Владимир Кара-Мурза: Гозмана меньше знает протестное гражданское общество. Как вы думаете, будет ли какое-то возмущение вокруг Следственного комитета, если Немцова вызовут на допрос?

Марк Фейгин: Этого я знать не могу. Конечно, активисты партии ПАРНАС, которую он возглавляет, могут проводить какие-то акции в связи с этим. Сейчас законы ужесточаются, сейчас не так просто даже одиночные пикеты проводить, особенно около присутственных мест. Ведь он свидетель, предъявят ему обвинения или нет – это загадка. Я уже много раз я повторял, и Генри Резник, руководитель московской адвокатской палаты говорит: эти дела не фальсифицируются, они выдумываются. Выдумать можно все, что угодно. Будет ли возмущение, если будут преследовать и Немцова, и иже с ним? Наверное. Здесь нет такой градации, что кого-то можно посадить и это будет безопасно. Просто сейчас власть закрывает пространство. Сначала нижний уровень, потом средний уровень. Кто такие активисты 6 мая, почти два десятка человек? Это рядовые москвичи, которых обвинили по статье 212 в действиях, которые укладываются в рамки административного кодекса. Ни в одной стране мира не преследуются так жестоко. Пример дело того же Лузянина: он получил четыре с половиной года, даже пойдя на сотрудничество со следствием, пойдя на особый порядок, отказавшись от предоставления доказательств его вины в суде. Ему дали четыре с половиной года, и Мосгорсуд подтвердил. Очень большой срок. Вы видели, что у нас за убийство дают ограничение свободы, как в деле Мирзаева, и по другим громким делам люди избегают реального наказания, а здесь за поврежденную эмаль омоновца ему дали четыре с половиной года. Вот эта несоразмерность – показатель того, что за политические преступления люди преследуются, невзирая на нормы закона, закон в этих делах не действует. Я об этом много говорил в деле Pussy Riot летом, и жизнь сама подтверждает справедливость моих слов.

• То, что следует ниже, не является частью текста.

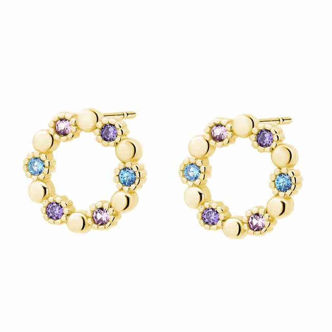 Kullatut ympyrän muotoiset hopeakorvakorut. Nämä kauniit kehäkorvakorut sopivat niin lapselle kuin aikuisellekin! Korvakorut on koristeltu sinisin, vaaleanpunaisin ja violetein zirkoni-korukivin. Korvakoruissa on luotettava tappikiinnitys. Korvakorujen koko on 9,7 mm. Sirot ja kevyet nappikorvakorut, joita voi käyttää arjessa! Korvakorujen valmistusmateriaali on laadukas nikkelitön 925 sterling hopea.

Владимир Кара-Мурза: Слушаем вопрос из Лобни от Виталия Евдокимовича.

Слушатель: Добрый вечер. Скажите, пожалуйста, дело о хищениях в СПС и дело ликеро-водочного завода находятся в одной связке – или это два разных дела при одних и тех же персоналиях?

Марк Фейгин: Они, безусловно, находятся в связке. То есть процессуально это будут, возможно, разные дела, потому что, наверное, дело уржумского спиртоводочного завода, я так понимаю, будет инкриминироваться Навальному в рамках какого-то нового дела, если идет доследственная проверка. Но нельзя исключать, что это способ давления на Никиту Белых, чтобы все-таки избавиться от него как губернатора. Эта задача тоже, мне кажется, стоит. Потому что Путин недолюбливает Белых, я думаю, что с этой вольницей медведевской в лице единственного прогрессивного губернатора, который от оппозиции занял пост губернатора Кировской области, он наверняка захочет покончить.

Что касается СПС – это история совершенно отдельная и производство отдельное тоже. Я думаю, что Белых будет давать показания отдельно, не в связи с уржумским заводом, потому что невозможно никак связать эти дела, потому что там разные составы, разные квалифицирующие признаки и разные объекты совершения этих преступлений. Просто, быть может, вас удивляет, что такое количество безумное дел, где фигурантом является или имел отношение Навальный? Этот вал дел выдержит ли один человек, когда на него их будет заведен десяток. Есть такое понятие, как совокупность, будут рассматривать, объединять дела, то ему могут назначить наказание по совокупности – как рецидивисту. Это увеличит максимальный срок наказания, если дело дойдет до этим делам до суда.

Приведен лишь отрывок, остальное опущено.